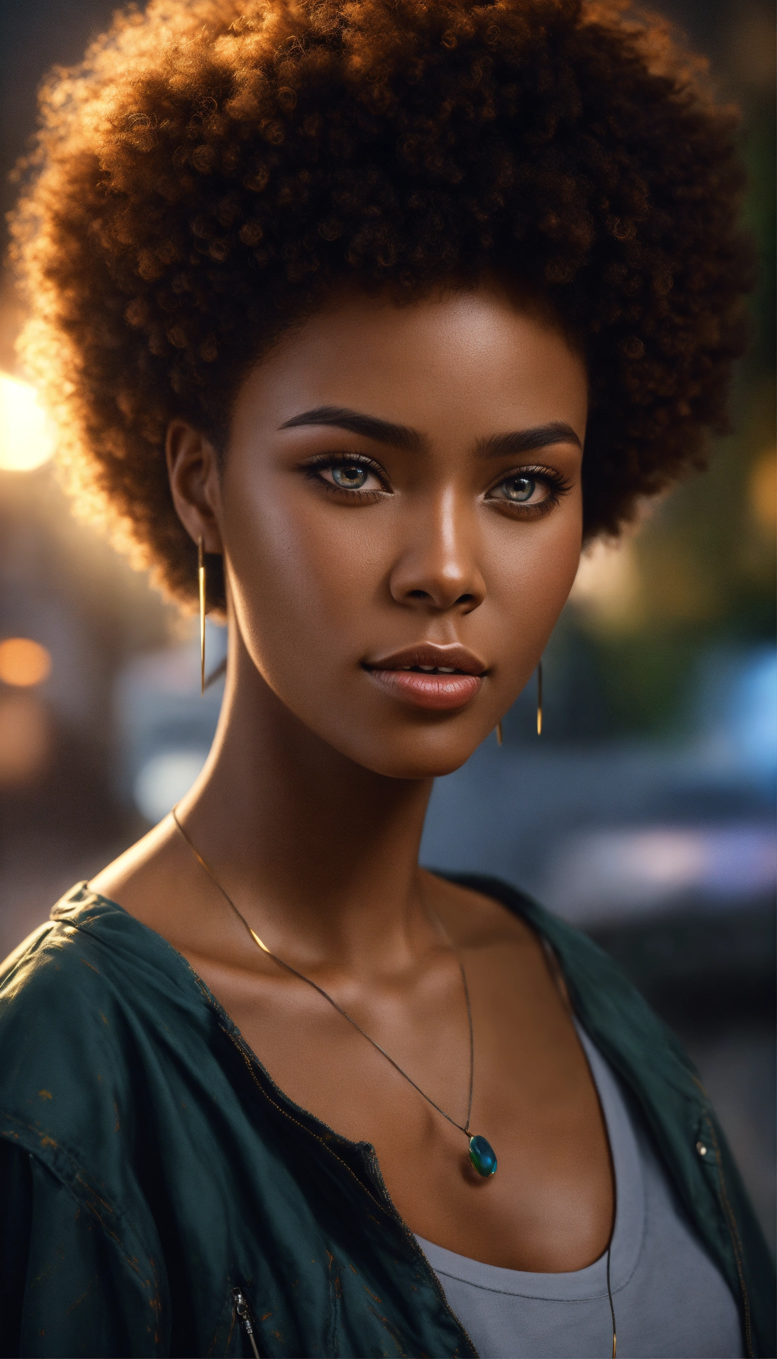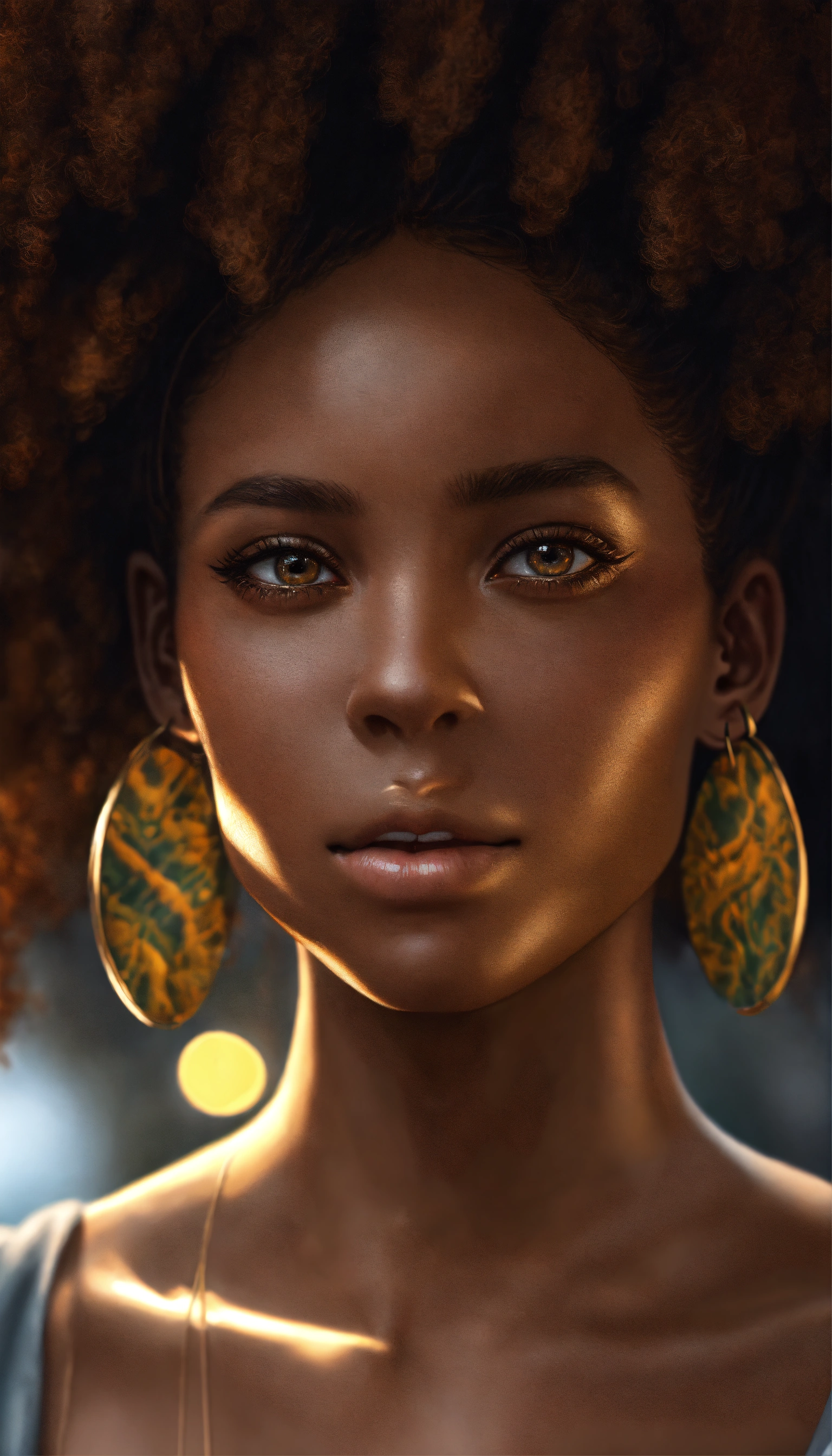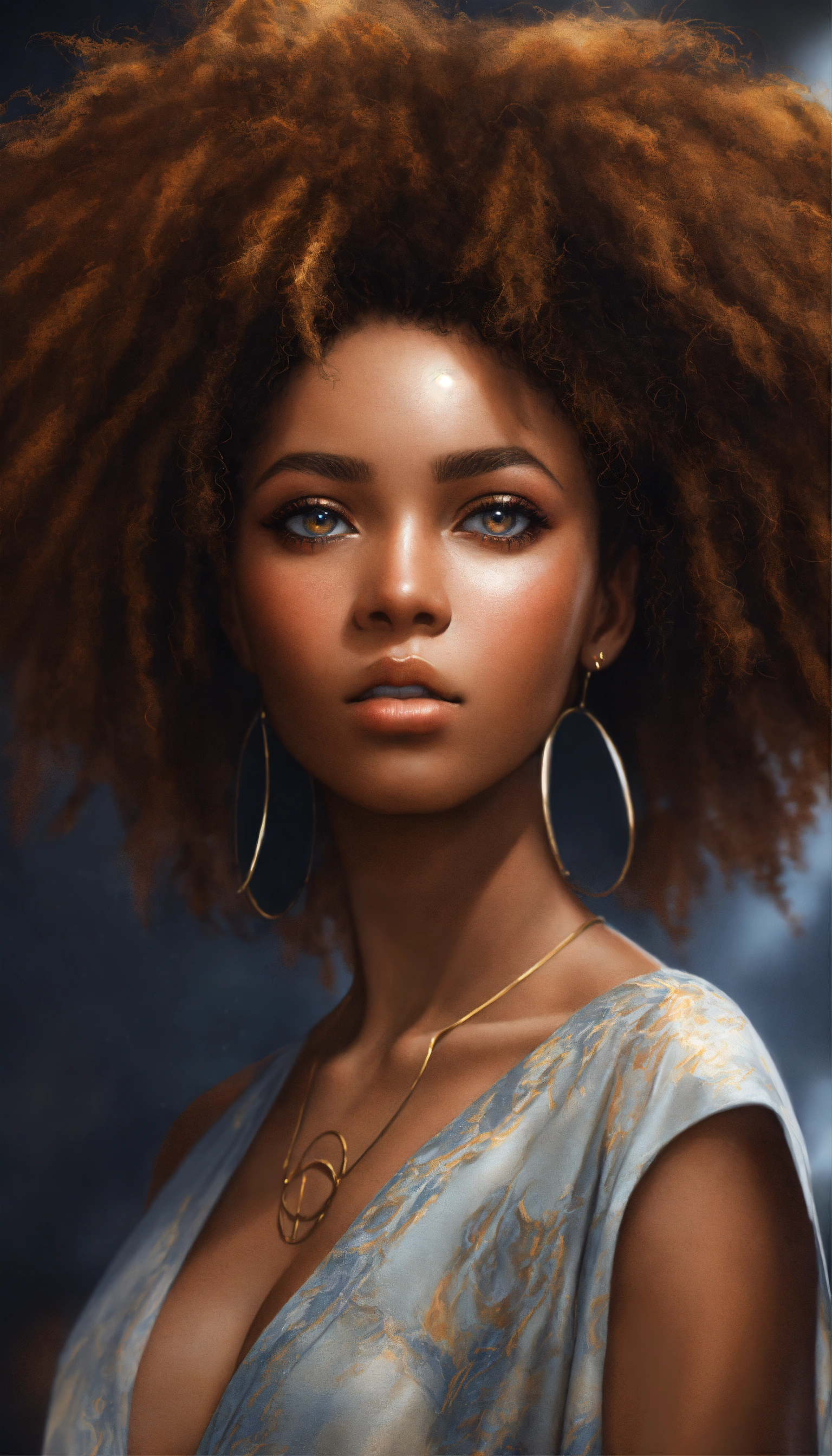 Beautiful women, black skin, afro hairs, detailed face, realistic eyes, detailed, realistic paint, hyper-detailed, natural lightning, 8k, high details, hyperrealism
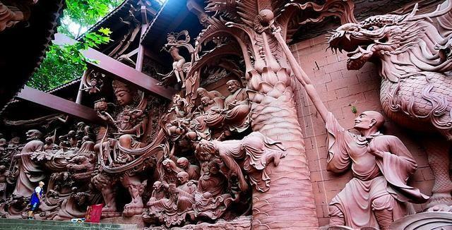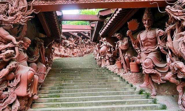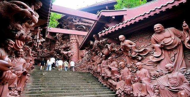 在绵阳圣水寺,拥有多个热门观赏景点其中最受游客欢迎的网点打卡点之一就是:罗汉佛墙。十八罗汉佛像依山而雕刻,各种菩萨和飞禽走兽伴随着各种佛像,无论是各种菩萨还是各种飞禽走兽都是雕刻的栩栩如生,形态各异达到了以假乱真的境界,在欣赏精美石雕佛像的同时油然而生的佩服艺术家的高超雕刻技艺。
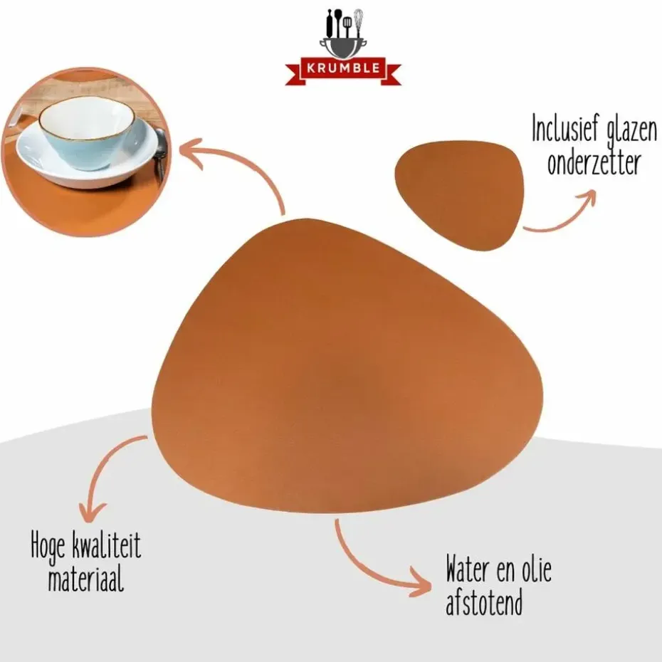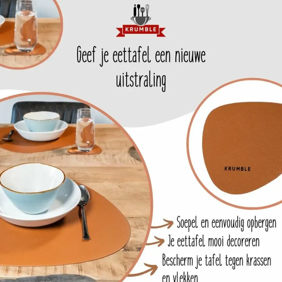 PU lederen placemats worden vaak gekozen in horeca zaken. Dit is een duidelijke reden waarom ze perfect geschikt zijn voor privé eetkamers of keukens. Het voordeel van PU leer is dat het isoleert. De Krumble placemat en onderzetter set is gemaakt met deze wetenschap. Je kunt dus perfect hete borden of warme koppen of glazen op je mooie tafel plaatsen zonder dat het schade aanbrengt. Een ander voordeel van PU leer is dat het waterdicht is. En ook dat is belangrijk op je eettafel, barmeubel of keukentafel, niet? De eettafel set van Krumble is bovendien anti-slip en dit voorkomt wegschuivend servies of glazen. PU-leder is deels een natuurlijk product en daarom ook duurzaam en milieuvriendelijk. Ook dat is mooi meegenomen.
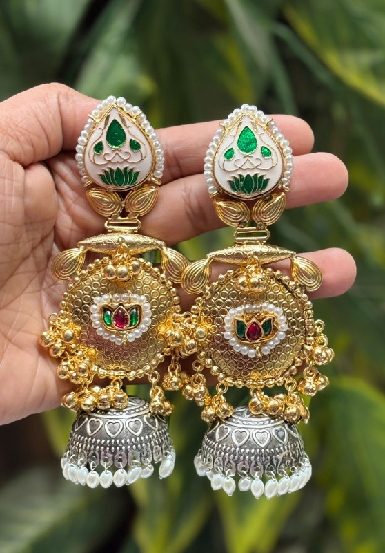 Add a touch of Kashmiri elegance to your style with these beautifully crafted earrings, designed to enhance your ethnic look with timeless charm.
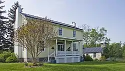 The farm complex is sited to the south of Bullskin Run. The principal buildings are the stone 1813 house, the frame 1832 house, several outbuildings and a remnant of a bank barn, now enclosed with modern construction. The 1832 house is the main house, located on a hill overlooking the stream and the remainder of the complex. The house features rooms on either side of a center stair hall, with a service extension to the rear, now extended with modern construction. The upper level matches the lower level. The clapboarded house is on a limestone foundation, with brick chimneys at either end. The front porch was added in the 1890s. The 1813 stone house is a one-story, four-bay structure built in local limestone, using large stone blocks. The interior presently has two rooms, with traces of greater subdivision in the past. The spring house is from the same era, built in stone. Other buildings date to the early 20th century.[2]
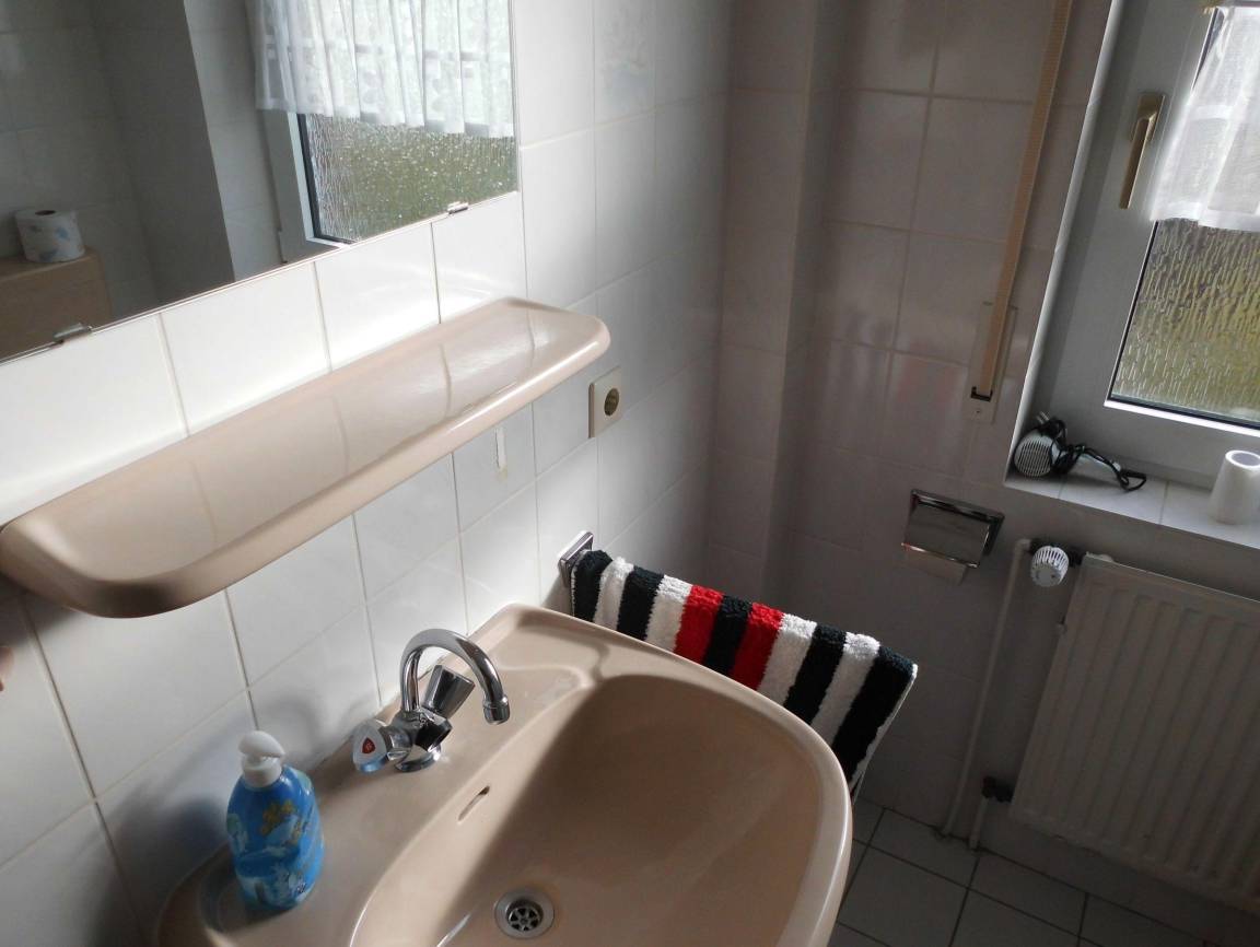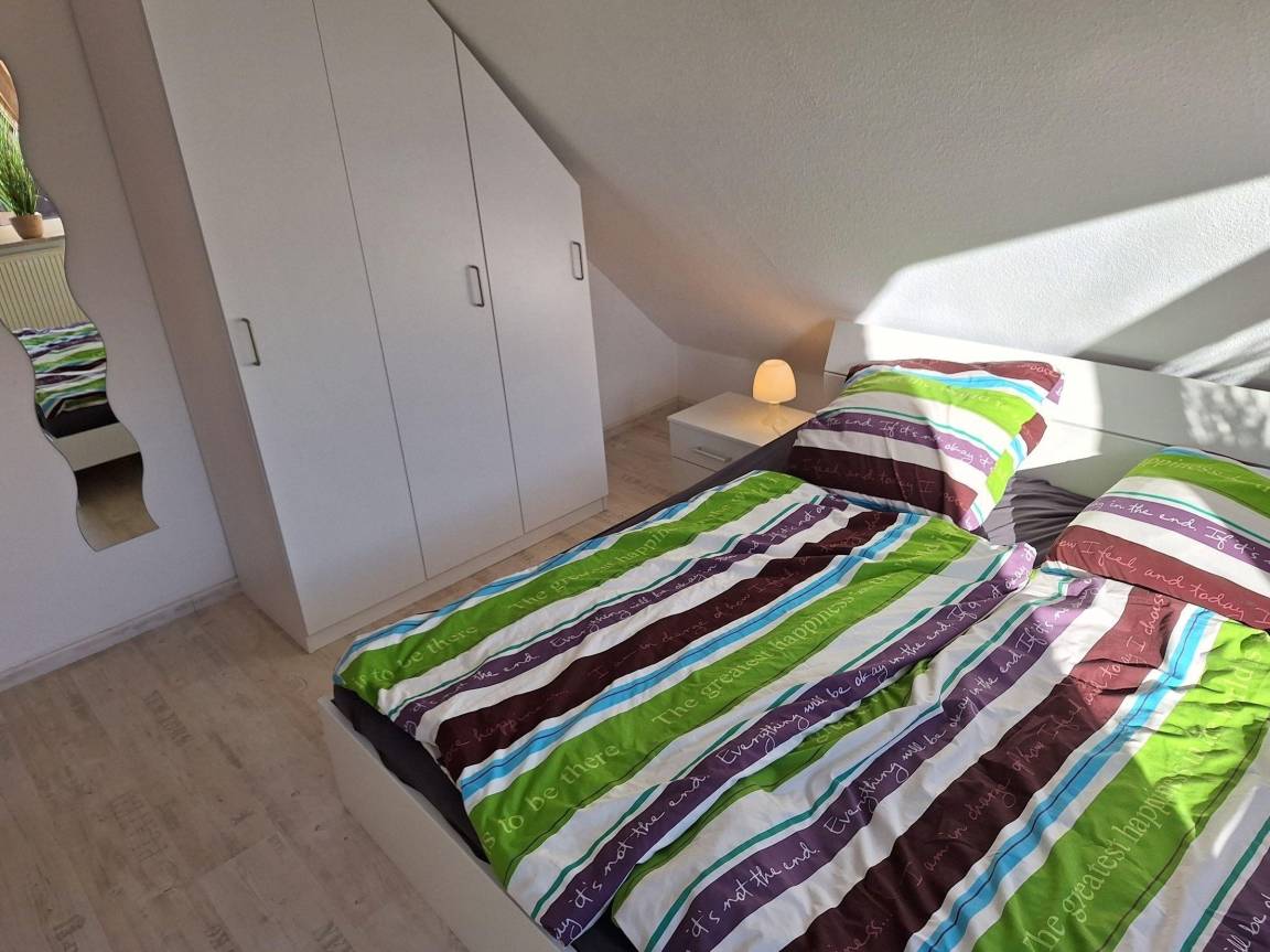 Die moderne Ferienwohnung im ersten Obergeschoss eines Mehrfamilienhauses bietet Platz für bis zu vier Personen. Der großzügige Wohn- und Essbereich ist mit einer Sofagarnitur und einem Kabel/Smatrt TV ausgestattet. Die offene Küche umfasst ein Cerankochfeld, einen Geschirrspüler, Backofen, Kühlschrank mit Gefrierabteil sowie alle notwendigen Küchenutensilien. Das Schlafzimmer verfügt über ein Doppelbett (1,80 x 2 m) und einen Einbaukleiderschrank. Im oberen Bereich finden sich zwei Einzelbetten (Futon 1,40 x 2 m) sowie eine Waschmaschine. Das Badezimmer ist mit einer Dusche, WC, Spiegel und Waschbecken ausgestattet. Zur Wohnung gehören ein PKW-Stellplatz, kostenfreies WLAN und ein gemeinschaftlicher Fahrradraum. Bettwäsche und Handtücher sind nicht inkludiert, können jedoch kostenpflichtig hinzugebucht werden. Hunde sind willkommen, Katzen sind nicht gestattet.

################

Goal of the exercise: Your reply is to be an exact repeat of the listing above from the line holding "在绵阳圣水寺,拥有多个热门观" down to the line holding "The farm complex", ends included, pictures excluded.

Expected output:
 在绵阳圣水寺,拥有多个热门观赏景点其中最受游客欢迎的网点打卡点之一就是:罗汉佛墙。十八罗汉佛像依山而雕刻,各种菩萨和飞禽走兽伴随着各种佛像,无论是各种菩萨还是各种飞禽走兽都是雕刻的栩栩如生,形态各异达到了以假乱真的境界,在欣赏精美石雕佛像的同时油然而生的佩服艺术家的高超雕刻技艺。
 PU lederen placemats worden vaak gekozen in horeca zaken. Dit is een duidelijke reden waarom ze perfect geschikt zijn voor privé eetkamers of keukens. Het voordeel van PU leer is dat het isoleert. De Krumble placemat en onderzetter set is gemaakt met deze wetenschap. Je kunt dus perfect hete borden of warme koppen of glazen op je mooie tafel plaatsen zonder dat het schade aanbrengt. Een ander voordeel van PU leer is dat het waterdicht is. En ook dat is belangrijk op je eettafel, barmeubel of keukentafel, niet? De eettafel set van Krumble is bovendien anti-slip en dit voorkomt wegschuivend servies of glazen. PU-leder is deels een natuurlijk product en daarom ook duurzaam en milieuvriendelijk. Ook dat is mooi meegenomen.
 Add a touch of Kashmiri elegance to your style with these beautifully crafted earrings, designed to enhance your ethnic look with timeless charm.
 The farm complex is sited to the south of Bullskin Run. The principal buildings are the stone 1813 house, the frame 1832 house, several outbuildings and a remnant of a bank barn, now enclosed with modern construction. The 1832 house is the main house, located on a hill overlooking the stream and the remainder of the complex. The house features rooms on either side of a center stair hall, with a service extension to the rear, now extended with modern construction. The upper level matches the lower level. The clapboarded house is on a limestone foundation, with brick chimneys at either end. The front porch was added in the 1890s. The 1813 stone house is a one-story, four-bay structure built in local limestone, using large stone blocks. The interior presently has two rooms, with traces of greater subdivision in the past. The spring house is from the same era, built in stone. Other buildings date to the early 20th century.[2]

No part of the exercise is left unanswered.